According to recent press reports, Virginia now lives in Las Vegas in a car Demi bought her eight years ago. And is she bitter at the estrangement? "I still have to thank Demi and Bruce for providing me with a roof over my head, even if it is only a car roof."
Demi can well afford to gush over her own strengths as a mother. "I'm very maternal and think that I'm a grounding force."
Her protective instincts extend to such incidents as the time, according to reports, when she complained in a Baltimore hotel after an off-duty chef ordered daughter Scout out of the Jacuzzi, while on another occasion, a cleaner was dismissed for using bad language in front of Rumer.
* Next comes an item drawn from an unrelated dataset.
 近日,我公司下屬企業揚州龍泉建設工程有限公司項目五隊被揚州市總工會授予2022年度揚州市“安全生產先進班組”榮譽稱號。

Just as long as the little darlings don't worry about Mommy stripping off for the benefit of millions and her bank account, they should grow up to be perfectly well-adjusted.
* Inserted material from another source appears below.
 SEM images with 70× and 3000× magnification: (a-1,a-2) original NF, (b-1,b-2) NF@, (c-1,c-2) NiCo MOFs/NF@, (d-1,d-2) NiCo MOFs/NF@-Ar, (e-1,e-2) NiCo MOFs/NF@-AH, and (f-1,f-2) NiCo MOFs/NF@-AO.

And what of the adolescent Moore? As she now says: "From the very beginning, I would assess people who were successful and wonder how they got where they were."
Armed only with this ambition, at 15, she went out and got herself an agent. When times were tough, she posed for girlie mag Oui - pictures which have come back to haunt her. Being body-painted for Vanity Fair is, presumably, altogether different.
But the fight to be mistress of her own destiny goes on. In a recent interview with The Guardian, Ms Moore sets out her current mission: "For me, a true feminist is a woman who is for women; somebody who appreciates a woman who chooses for herself . . . isn't the goal of feminism to expand ourselves, allow us to reach beyond our limitations?" Quite so.